Hoy, la mujer ha acudido a los medios de comunicación para hacer visible la urgencia de su pedido: necesita viajar lo antes posible al hospital pediátrico más importante del país para que Renzo pueda ser operado de sus piernas. “Necesito que alguien me ayude a costear el pago del pasaje en avión y la estadía para ir y pedir de urgencia que vean a mi hijo”, dice Natalia. Su testimonio es más bien un ruego: cada hora que pasa en las actuales condiciones, es una oportunidad menos para que su hijo tenga posibilidades de evitar mayores sufrimientos y riesgo de vida.

Su voz tono de voz al compartir su historia del otro lado del teléfono, da cuenta de la fuerza con que la mujer a afrontado cada episodio en la vida de su amado hijo. Natalia conoce al pie de la letra todas y cada una de las dificultades que tiene Renzo y describe paso a paso el motivo por el cual decidió hacer su caso público.

Renzo nació con hidrocefalia y mielomeningocele, una enfermedad que le afectó la médula y le dejó paralizados sus miembros inferiores. “A mi hijo lo operaron en el Garrahan por primera vez a muy poco de haber nacido. Ahí los médicos le salvaron la vida, le operaron el mielo y le instalaron una válvula en el cerebro para controlar la hidrocefalia”, recuerda Natalia y menciona fechas precisas: el 20 de octubre de 2008 fue la primera intervención.

De allí en más, el recorrido siempre siguió planteando nuevos y durísimos desafíos para la mamá y su pequeño. En 2015 Renzo fue operado nuevamente pero en la zona de la nuca. Su vida transcurrió entre estudios, viajes de regreso a San Juan y situaciones de mucho dolor por las propias necesidades que plantea su realidad. Natalia y su esposo logran subsistir con trabajos inestables y mal remunerados. “Mi marido trabaja en la cosecha y tenemos la pensión por mi nene. Hace poco el gobierno nos dio una ayuda de 15 mil pesos”, valora Natalia.

Sin embargo, las necesidades de la familia superan ampliamente a las posibilidades. Ella la mayor parte de sus días, los tiene abocados a alimentar, cuidar, bañar y atender a su hijo que no puede moverse ni comunicarse. Renzo también tiene autismo, una afección en los riñones, usa pañales y solo puede acostarse de costado, con inmenso dolor y malestar a pesar de todos los cuidados que Natalia le brinda, con los recursos que tiene. “Yo lo acomodo lo que más puedo con almohadas para que pueda dormir y comer pero está muy dolorido y le han salido lastimaduras. Necesito un colchón anti escaras pero no lo puedo comprar. Su pierna está roja, hinchada y tiesa”, comenta la mujer para describir el presente de Renzo.
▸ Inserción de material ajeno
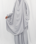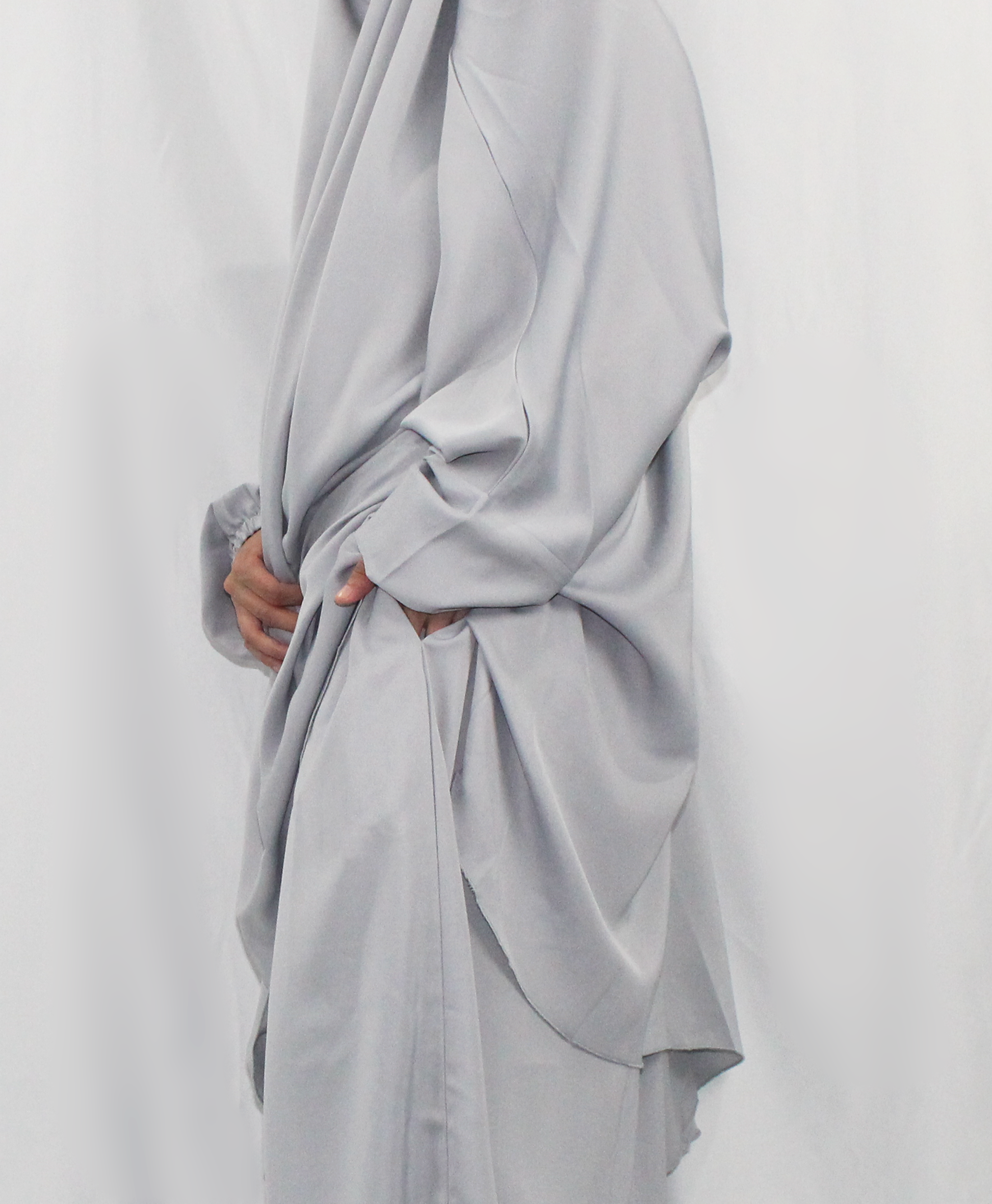 Light grey 2 piece jilbab with elastic cuffs and a hand-stitched skirt.

Ocho operaciones en solo un mes

La parálisis que padece el adolescente, se vio aún más agravada hace dos años. Fue justo en mayo del 2020, en pleno aislamiento social decretado como consecuencia de la pandemia, cuando una nueva y compleja intervención volvió a plantear un nuevo desafío para la familia: Renzo necesitó de ocho operaciones en el mismo mes porque su cuerpo rechazaba la válvula que hay en su cerebro. Sufrió numerosas convulsiones y un paro cardíaco.

Natalia cuenta que el 16 de julio pasado, su hijo fue operado nuevamente, esta vez por los problemas que presenta en una de sus piernas. La intervención que el realizaron en el Hospital de San Juan, en el área de traumatología, no solo fue infructuosa, sino que -según denuncia la mujer- dejó a su hijo con un gran riesgo. Es que debido a su avanzado estado de gravedad tras la intervención, ella asegura que solicitó la opinión de otros especialistas. En el ateneo se determinó que efectivamente la pierna de Renzo ha empeorado gravemente y necesita de urgencia una nueva y compleja cirugía. “En el hospital ni siquiera tenían el instrumental necesario e igual se la hicieron”, asegura la mamá.

Pedido desesperado

“Necesito que lo vean en el Garrahan. Mi hijo ya tiene el hueso de la pierna casi visible y no da más, estamos desesperados”, repite Natalia y asegura que en estos días no ha dejado de pedir ayuda al Ministerio de Desarrollo Humano de San Juan para poder viajar con su hijo y su marido a Buenos Aires. Cuenta que le ofrecieron un pasaje en colectivo pero que esto no es factible puesto de Renzo necesita ir en su silla de ruedas: en su columna tiene veinte tornillos como consecuencia de su condición.

“Yo no lo puedo alzar sola porque él ya está grande y necesito que mi esposo nos acompañe para poder asistirlo como corresponde. Por eso necesitamos ir en avión y quedarnos en un lugar adecuado porque él necesita de cuidados intensivos hasta que nos vuelvan a dar un turno en el Garrahan”, recalca la mamá en un grito de ayuda a la sociedad y a las autoridades nacionales para que su caso sea escuchado.

“Esta mañana me quedé esperando a que me atendiera el ministro o alguien con quien pudiera hablar para pedir ayuda. Pero nadie; ninguna de las autoridades salió a atenderme”, dice Natalia con el dolor de una madre sumida en la impotencia de no poder avanzar para ayudar a su hijo en la emergencia. “Nadie me escucha. El miércoles teníamos el turno en el Garrahan pero lo perdimos porque no pudimos viajar. Yo estoy segura que si vamos y hablo con los médicos lo van a poder operar de urgencia; ya todos lo conocen porque mi hijo es uno de los casos excepcionales allí”, asegura Natalia.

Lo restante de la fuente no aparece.